My New One at Slate: “There Are Still Two Major Legal Threats to the Voting Rights Act”

I have written this piece for Slate. It begins:

Last week’s voting rights decision in Allen v. Milligan was surprisingly good news: rather than hobble or destroy the existing protections for minority voters to elect their candidates of choice in congressional, state, and local elections under Section 2 of the Voting Rights Act, the Supreme Court essentially left existing law intact. That two conservative justices, Chief Justice John Roberts and Justice Brett Kavanaugh, would join the court’s liberal justices in protecting minority voting rights, even a little, was remarkable given these justices’ earlier track records in voting cases. They may have reached this result based on a legitimate change of heart or acted more strategically to blunt the force of an upcoming decision likely to be adverse to minority interests in the school affirmative action cases. But whatever the reason, best to not look a gift horse in the mouth.

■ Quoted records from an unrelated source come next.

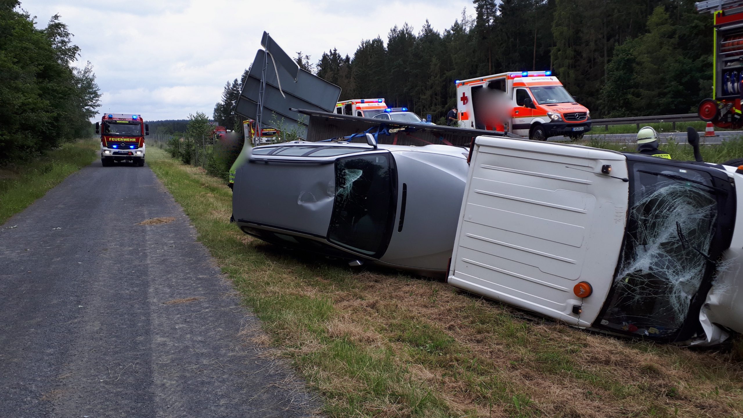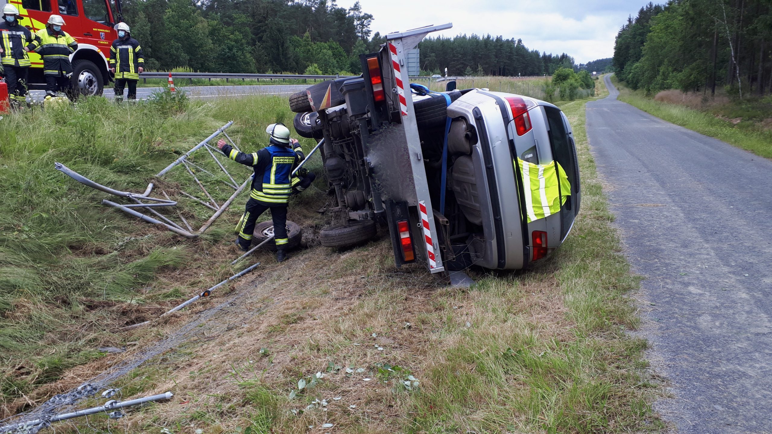 Wir wurden zusammen mit mehreren Feuerwehren von der ILS Amberg auf die A93 in FR Süden alarmiert. Hier war gegen 9.50 Uhr ein Militär-Lkw der amerikanischen Streitkräfte kurz nach dem Autobahnkreuz „Oberpfälzer Wald“ wegen eines Motorschadens auf dem Seitenstreifen zum stehen gekommen. Aus bisher ungeklärter Ursache kam ein Sattelzug zu weit nach rechts und rammte das Militärfahrzeug. Dadurch kippte dieses um und blieb auf dem Dach liegen. Der Sattelzug knickte ein und versperrte die Autobahn.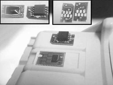 EPSON的打印機(jī)在墨盒上幾乎都裝有IC智能芯片,記錄墨水使用量,那么在打印機(jī)顯示墨盡以后就會(huì)停止工作,要使它工作就要將IC智能芯片恢復(fù)到初始狀態(tài)。目前恢復(fù)的辦法,一是使用恢復(fù)軟件,比如最有影響力的俄羅斯SSC Service Utility軟件,現(xiàn)已經(jīng)升級(jí)到了v3.71版本(下載網(wǎng)站:http://www.ssclg.com/epson.shtml)二是將墨盒從打印機(jī)中取出,用解碼器刷新。這兩種辦法都比較麻煩,原因是軟件并不支持所有打印機(jī),取出墨盒刷新則更不好,所以連續(xù)供墨的內(nèi)墨盒上就用到了另外一個(gè)辦法——直接裝入永久芯片。永久芯片體積大小和原廠墨盒上的IC智能芯片幾乎一樣,但是在恢復(fù)的方法上有區(qū)別:裝入永久芯片的打印機(jī)在面板指示燈閃動(dòng)或者電腦提示“墨盡”后,有的是采用關(guān)閉打印機(jī)電源幾分鐘后再次開(kāi)啟電源、有的是采用更換墨盒的 “形式主義”方法后去操作面板按鍵,而內(nèi)墨盒根本就不用取出來(lái);有的是拔掉打印機(jī)電源插頭,用斷電辦法就可以讓永久芯片恢復(fù),這個(gè)時(shí)候在電腦中查看剩余墨水就 “滿”了,打印機(jī)就可以繼續(xù)工作了。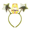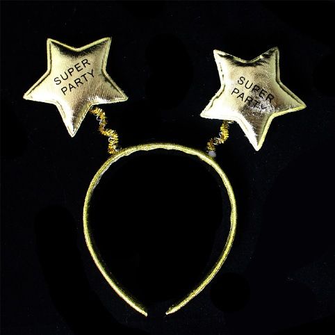 Karnevalová čelenka ve zlaté barvě je zdobená hvězdičkami s nápisem SUPER PÁRTY. Hvězdy jsou k čelence připevněny pomocí pružinek.

Despite Roberts’ strong opinion in Milligan reaffirming the vitality of Voting Rights Act jurisprudence and confirming the constitutionality of Section 2, there’s no reason to expect that voting rights’ opponents will drop their attacks as they seek to maximize the power of white majority voters. And the varied opinions in the Milligan case leave open at least two major lines of attack against the VRA—that the act is no longer constitutional and that it does not give private plaintiffs a right to sue—that may once again test Roberts’ and Kavanaugh’s commitment to voting rights in cases down the road.

The first attack is a separate constitutional one from the one that failed in Milligan. In Roberts’ Milligan majority opinion, the court upheld Section 2’s constitutionality against Alabama’s claim that Congress only has the power to ban intentional discrimination, not just those voting laws with discriminatory effects. Citing earlier precedents, the court concluded that Congress had the power through the 15th Amendment to dismantle laws with racially discriminatory effects as well….

This argument that a law once constitutional is no longer so because of the passage of time echoes the court’s 2013 decision in Shelby County v. Holder, authored by Chief Justice Roberts, reaching the same conclusion about a different part of the Voting Rights Act, Section 5. As voting rights expert Ellen Katz opined on my site, the Election Law Blog, “Justice Kavanaugh said he was declining to consider this argument ‘at this time’ because Alabama had failed to press it. But the invitation was, of course, clear: bring this claim and the Allen dissenters might just have a majority in the next case. In other words, stay tuned.”

Would Kavanaugh (or even Roberts) switch back again and pull a Shelby County in a few years? It is hard to say, but Roberts at least offered a surprisingly full-throated endorsement of current Section 2 jurisprudence, and having pronounced Section 2 constitutional without alluding to or even citing the argument in Shelby County that the passage of time could render the law now unconstitutional, it seems hard to imagine him reversing course so soon. What Kavanaugh might do should such an opportunity arise is a separate question, of course.

The second argument is a statutory one. Everyone agrees that Section 2 protects minority voters, but there is a dispute in the lower courts over who has the right to sue over its violation. The United States Department of Justice surely has that right, but DOJ brings only a small fraction of this type of litigation. Most are brought by voting rights groups suing on behalf of voters. A huge number of Section 2 lawsuits have been filed by private plaintiffs since Congress amended the Voting Rights Act in 1982 to protect minority voters against racially discriminatory effects. Nonetheless, in a 2021 case Justice Neil Gorsuch raised the question as an open one: “Our cases have assumed—without deciding—that the Voting Rights Act of 1965 furnishes an implied cause of action under § 2.”

Last year, a federal district court in Arkansas held that Section 2 contains no “private right of action,” meaning that private plaintiffs could not sue. The Arkansas case is currently on appeal to the U.S. Court of Appeals for the Eighth Circuit. As Professor Derek Muller notes, the arguments in the case are technical, in part over whether a majority of Supreme Court justices in an earlier case recognized such a right to sue or not in a 1995 voting rights case.

In Milligan, the Alabama case decided by the Supreme Court last week, the majority did not say a word about whether Section 2 allows private plaintiffs to sue. Justice Thomas in a footnote in his dissent noted that Alabama had raised the issue in the lower court but did not bring that issue to the Supreme Court on appeal. So the issue remains technically open.

What would the Supreme Court do if the issue reaches the court in a few years? Professor Nick Stephanopoulos believes that “Milligan should put an end” to conservative lower court judges shutting down voting suits through potential technical loopholes, such as by finding no private right of action. The signal the majority opinion sends, according to this view, is that Section 2 is safe for now. I hope he is right….

But once again, where Justice Kavanaugh stands on this question is harder to see. He did not opine on the question, and the issue of private rights of action is just the sort of technical issue about standing and justiciability that could provide an out to shut down the vast majority of Section 2 cases without striking down the statute itself.